In the lithium battery industry, liquid heating tubes are primarily used for scenarios such as heat transfer oil heating, auxiliary heating for electrolytes, and cleaning solution heating. The core selection principles are high-temperature resistance, corrosion resistance, non-contamination of the medium, and suitability for the harsh conditions of lithium battery production. Common materials and applicable scenarios are as follows:
1.321 stainless steel
This is the mainstream material for heating tubes in the lithium battery industry's thermal oil furnaces, suitable for conventional thermal oil heating conditions (temperature ≤ 300°C).
Features: Contains titanium, exhibits strong resistance to intergranular corrosion, withstands prolonged high-temperature cycling erosion of heat transfer oil, maintains excellent material stability without impurity leaching that could contaminate the heat transfer oil, and is suitable for preheating, drying, and other stages of slurry preparation before sintering lithium battery cathode and anode materials.
Note: Not applicable for scenarios involving contact with electrolytes or highly corrosive cleaning solutions.
2.316L stainless steel
Suitable for applications involving heat transfer oil with trace impurities or slightly elevated heating temperatures (≤350°C), as well as for heating weakly corrosive cleaning solutions.
Features: Enhanced with molybdenum on the basis of 304 stainless steel, it offers superior corrosion resistance and high-temperature performance compared to 321 stainless steel, along with strong resistance to pitting corrosion. Suitable for heat transfer oil heating in slightly complex conditions during lithium battery production or for heating battery shell cleaning solutions.
3. TA2 Pure Titanium Alloy
For heating scenarios involving electrolyte-related liquids and strongly acidic cleaning solutions, it serves as the core material for corrosive medium heating in the lithium battery industry.
Features: Exceptionally strong corrosion resistance, capable of enduring long-term erosion by lithium battery electrolytes (containing carbonates and lithium salts) and strong acid cleaning solutions. High chemical stability ensures no reaction with media, preventing electrolyte contamination and maintaining battery performance.
Note: The cost is higher than that of stainless steel material, and special seals (such as fluororubber) are required to prevent leakage.
4. Polytetrafluoroethylene (PTFE, commonly known as Teflon)
For heating strongly corrosive liquids at room to moderate temperatures (≤200°C), such as strong acid or alkali solutions used in lithium electrode sheet cleaning.
Features: Extremely chemically inert, almost unreactive to any acid or alkaline medium, excellent insulation, and does not produce metal ion contamination when heated.

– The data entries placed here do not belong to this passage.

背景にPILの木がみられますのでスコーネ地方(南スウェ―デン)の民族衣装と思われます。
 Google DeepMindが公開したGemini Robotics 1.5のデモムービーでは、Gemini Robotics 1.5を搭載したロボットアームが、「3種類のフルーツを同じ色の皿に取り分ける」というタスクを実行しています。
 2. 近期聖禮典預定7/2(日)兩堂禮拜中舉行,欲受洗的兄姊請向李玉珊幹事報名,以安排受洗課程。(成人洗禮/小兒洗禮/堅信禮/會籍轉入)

Note: The temperature resistance limit is relatively low, and the thermal conductivity is small. A reasonable power density must be designed to avoid localized overheating and subsequent coating damage.

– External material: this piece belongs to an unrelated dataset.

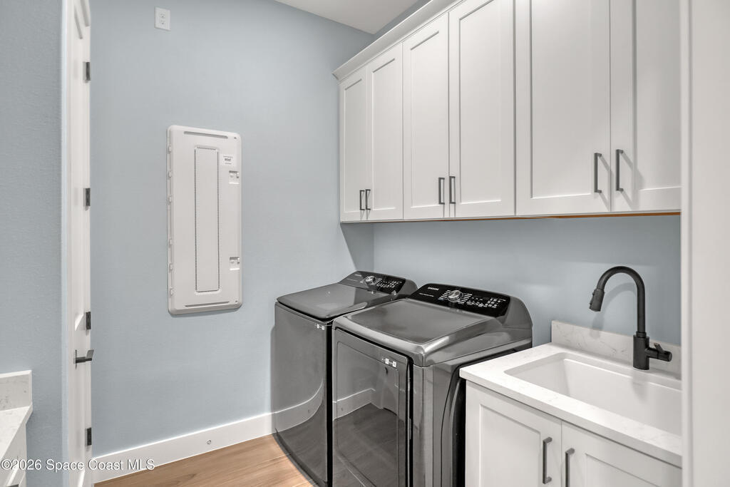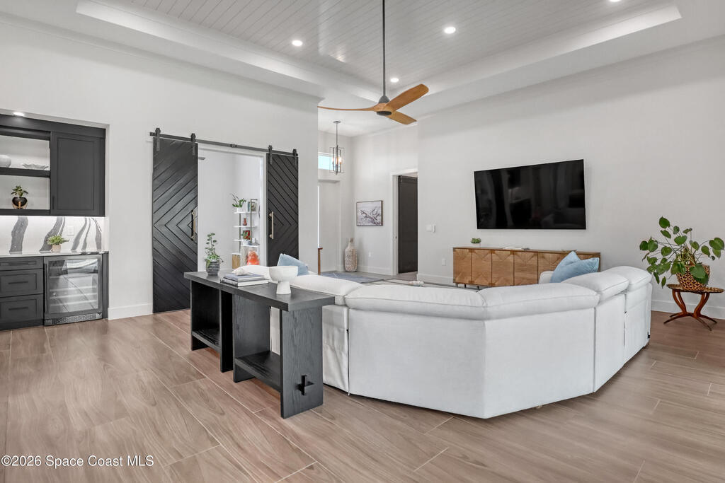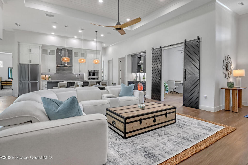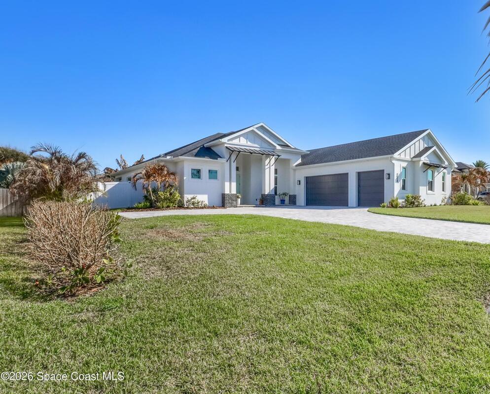 Welcome to 224 Woody Circle! A fully customized modern coastal luxury home thoughtfully expanded & enhanced with high-end architectural, structural, & designer upgrades.This 2023 newly built 4/3/3 residence features added square footage under air, a private guest suite with full bath, a dedicated study with an 8' custom barn door, and 8' solid-core doors throughout for elevated scale & presence.The chef's kitchen is anchored by a striking 6cm Cambria Bentley quartz island & showcases premium Samsung appliances, including an induction cooktop, wall oven with steam and convection, beverage & wine coolers, ceiling-height shaker cabinetry & Luxe Brizo fixtures. Large format Wood-look porcelain tile flows throughout the main living areas, while the spa-inspired primary suite offers a freestanding soaking tub, rain shower system, floor-to-ceiling designer tile, quartz surfaces, & refined custom finishes. Built for both beauty & performance, the home includes PGT impact-rated windows & doors,

Additional Considerations for Lithium Battery Industry Selection
• Prioritize heating tubes with flange sealing structures to meet the sealed heating requirements of lithium battery equipment and prevent the leakage of thermal oil or electrolyte.
• For high-power thermal oil heating applications, it is recommended to choose heating tubes processed from seamless pipes to enhance pressure resistance and deformation resistance.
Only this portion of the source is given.